Begin the copy at the line containing "The luxurious Waterfront" in the data below and end it at the line containing "ネコの駅長が人気の芦ノ牧温泉", keeping each line exact and leaving out pictures.

Data for this exercise:
((

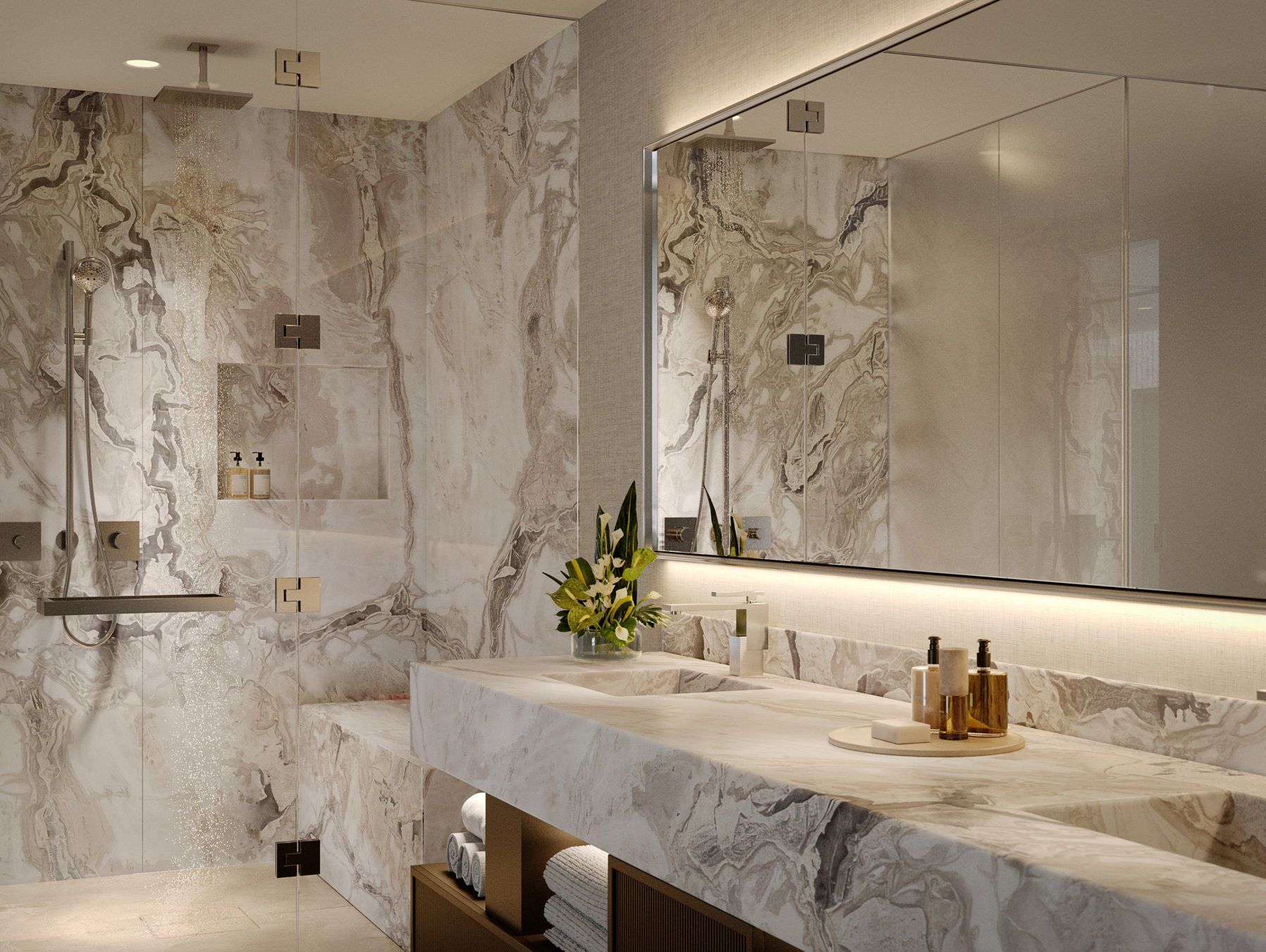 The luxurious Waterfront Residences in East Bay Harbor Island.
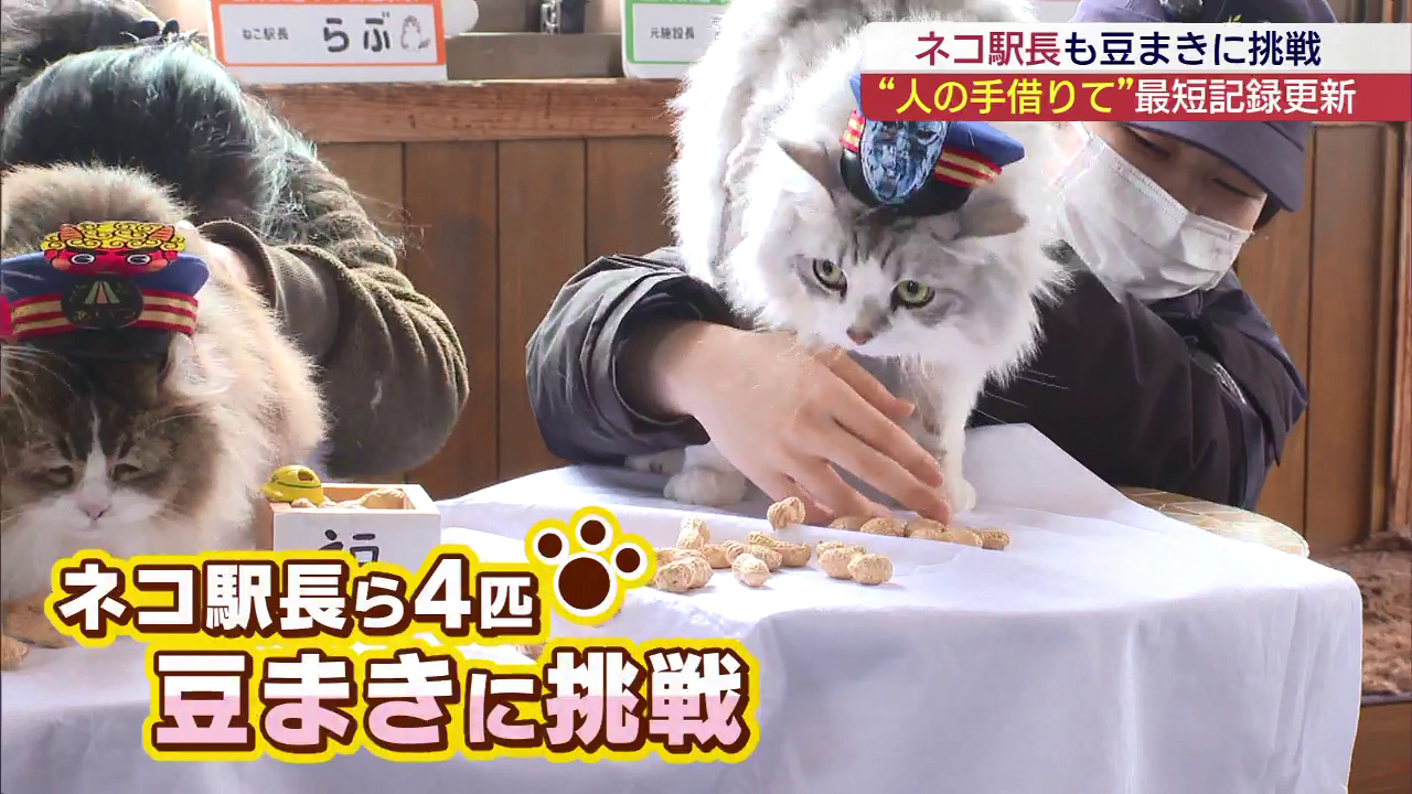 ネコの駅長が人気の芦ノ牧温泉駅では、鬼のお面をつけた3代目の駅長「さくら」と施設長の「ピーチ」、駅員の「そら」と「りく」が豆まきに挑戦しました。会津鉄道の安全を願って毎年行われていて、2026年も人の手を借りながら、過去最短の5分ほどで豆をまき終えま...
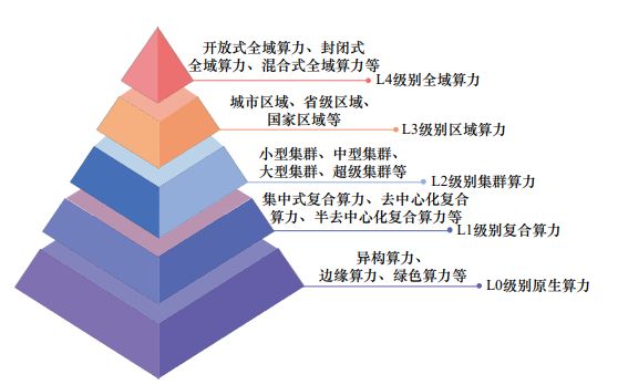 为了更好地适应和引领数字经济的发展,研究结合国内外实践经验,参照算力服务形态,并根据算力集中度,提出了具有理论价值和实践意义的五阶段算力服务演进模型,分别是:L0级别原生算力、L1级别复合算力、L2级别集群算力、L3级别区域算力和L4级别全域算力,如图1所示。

))
((

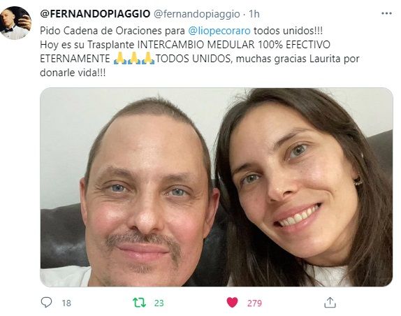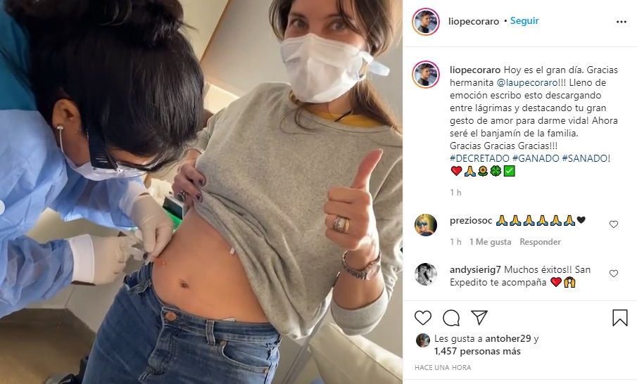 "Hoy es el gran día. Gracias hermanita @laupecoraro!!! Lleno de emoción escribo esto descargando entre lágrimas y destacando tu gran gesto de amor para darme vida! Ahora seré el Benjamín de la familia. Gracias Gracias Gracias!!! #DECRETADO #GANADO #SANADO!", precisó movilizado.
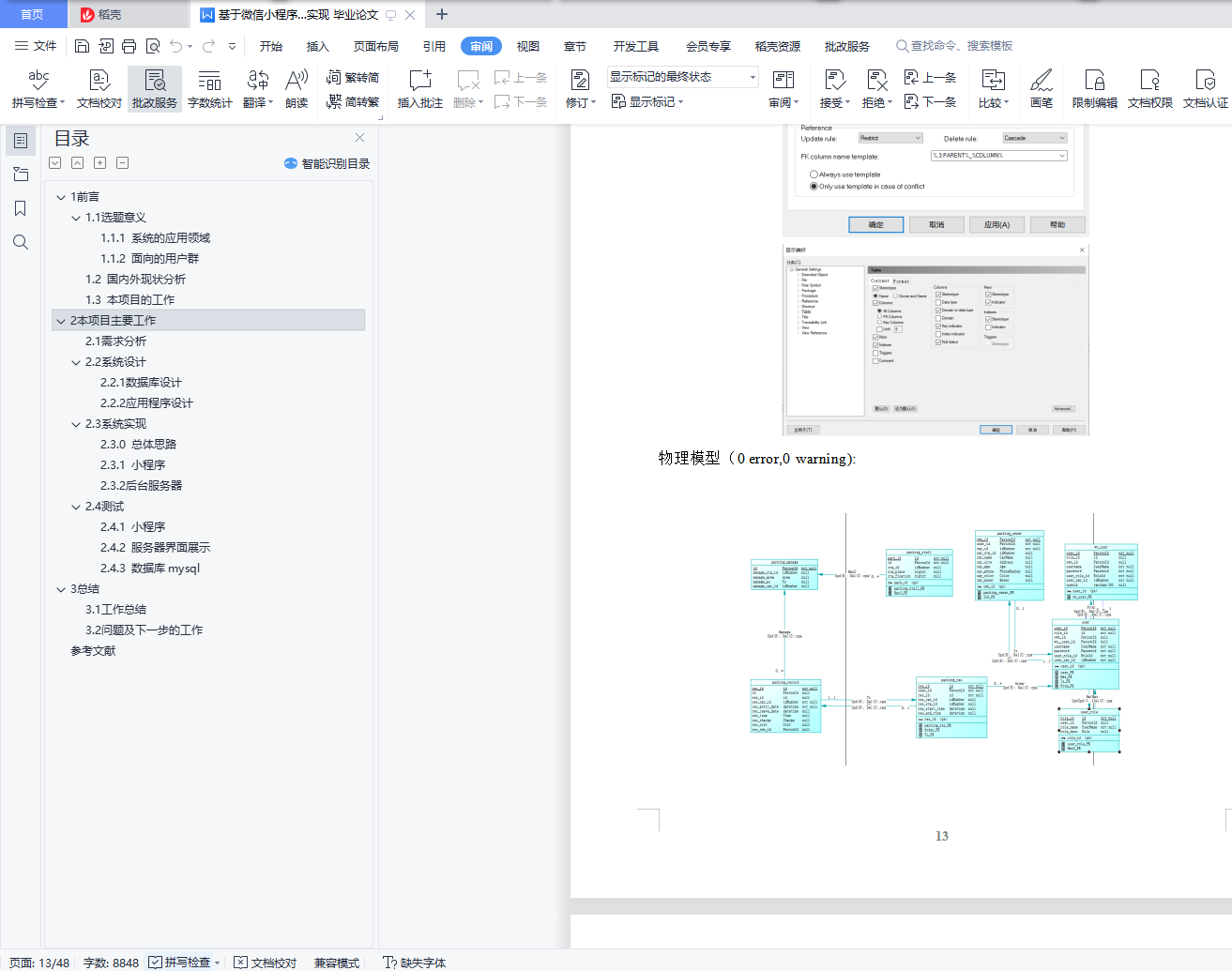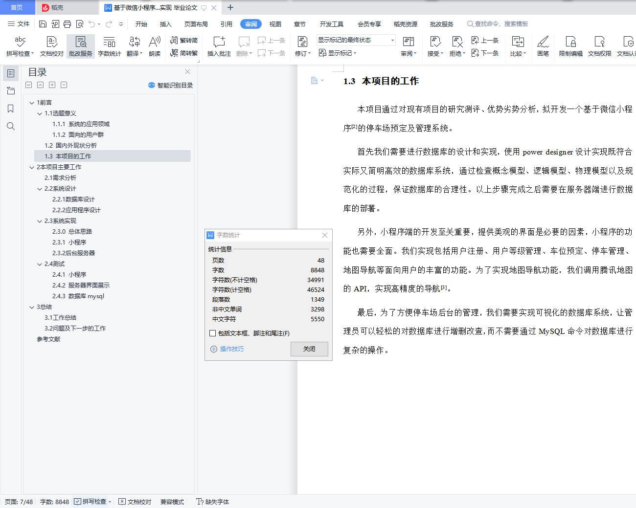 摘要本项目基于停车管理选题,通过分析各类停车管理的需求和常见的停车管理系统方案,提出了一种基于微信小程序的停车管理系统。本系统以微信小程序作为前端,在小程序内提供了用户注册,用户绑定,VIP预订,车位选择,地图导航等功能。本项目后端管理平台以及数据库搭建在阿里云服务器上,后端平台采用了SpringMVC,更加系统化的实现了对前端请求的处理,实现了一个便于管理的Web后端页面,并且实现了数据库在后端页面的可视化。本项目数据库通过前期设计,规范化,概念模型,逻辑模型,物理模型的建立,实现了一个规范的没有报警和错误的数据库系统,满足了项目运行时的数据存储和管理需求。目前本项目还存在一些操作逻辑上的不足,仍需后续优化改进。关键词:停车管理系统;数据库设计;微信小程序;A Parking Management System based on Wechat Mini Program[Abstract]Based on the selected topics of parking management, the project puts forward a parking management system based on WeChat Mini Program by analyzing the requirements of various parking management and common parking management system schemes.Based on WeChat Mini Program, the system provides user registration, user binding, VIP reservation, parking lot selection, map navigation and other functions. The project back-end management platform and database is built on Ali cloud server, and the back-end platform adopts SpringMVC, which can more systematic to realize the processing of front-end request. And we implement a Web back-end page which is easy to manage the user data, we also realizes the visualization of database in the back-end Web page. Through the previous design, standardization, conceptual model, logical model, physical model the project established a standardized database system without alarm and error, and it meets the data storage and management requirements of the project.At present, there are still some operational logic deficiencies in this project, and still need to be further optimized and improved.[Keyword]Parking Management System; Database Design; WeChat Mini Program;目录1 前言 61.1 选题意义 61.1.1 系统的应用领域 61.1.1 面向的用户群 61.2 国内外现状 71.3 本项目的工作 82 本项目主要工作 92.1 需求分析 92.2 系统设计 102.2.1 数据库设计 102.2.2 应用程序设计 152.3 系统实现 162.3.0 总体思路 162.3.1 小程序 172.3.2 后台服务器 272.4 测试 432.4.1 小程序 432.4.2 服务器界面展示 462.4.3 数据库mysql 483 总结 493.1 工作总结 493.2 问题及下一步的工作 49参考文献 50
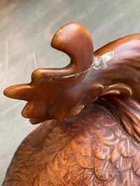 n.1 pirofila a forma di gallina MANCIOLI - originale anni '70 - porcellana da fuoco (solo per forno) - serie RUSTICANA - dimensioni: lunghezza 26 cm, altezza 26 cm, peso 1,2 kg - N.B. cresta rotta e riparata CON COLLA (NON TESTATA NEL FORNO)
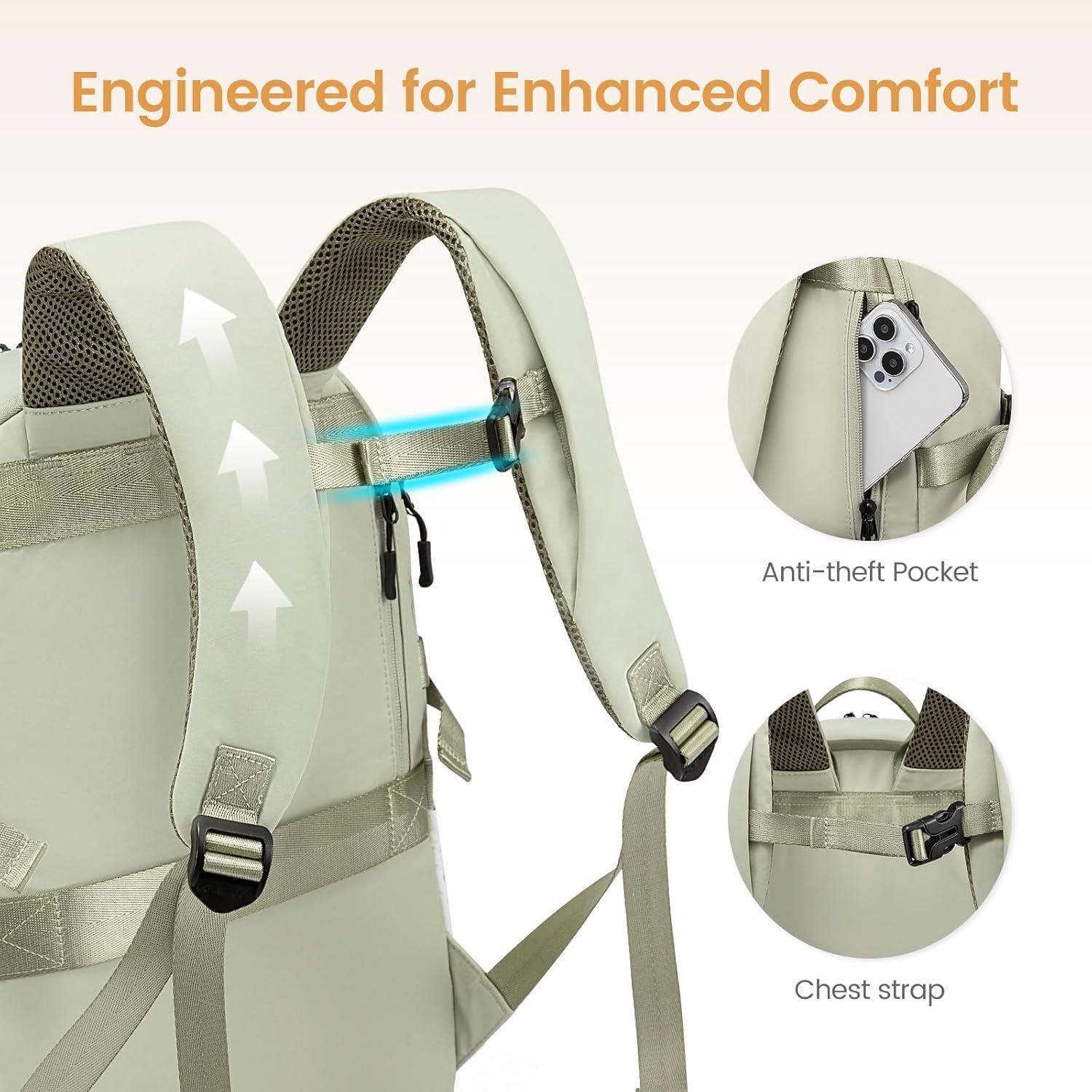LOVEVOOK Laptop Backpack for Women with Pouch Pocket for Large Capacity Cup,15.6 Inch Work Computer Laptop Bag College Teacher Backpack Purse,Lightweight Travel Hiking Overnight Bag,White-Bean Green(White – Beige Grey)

))

Answer box:
 The luxurious Waterfront Residences in East Bay Harbor Island.
 ネコの駅長が人気の芦ノ牧温泉駅では、鬼のお面をつけた3代目の駅長「さくら」と施設長の「ピーチ」、駅員の「そら」と「りく」が豆まきに挑戦しました。会津鉄道の安全を願って毎年行われていて、2026年も人の手を借りながら、過去最短の5分ほどで豆をまき終えま...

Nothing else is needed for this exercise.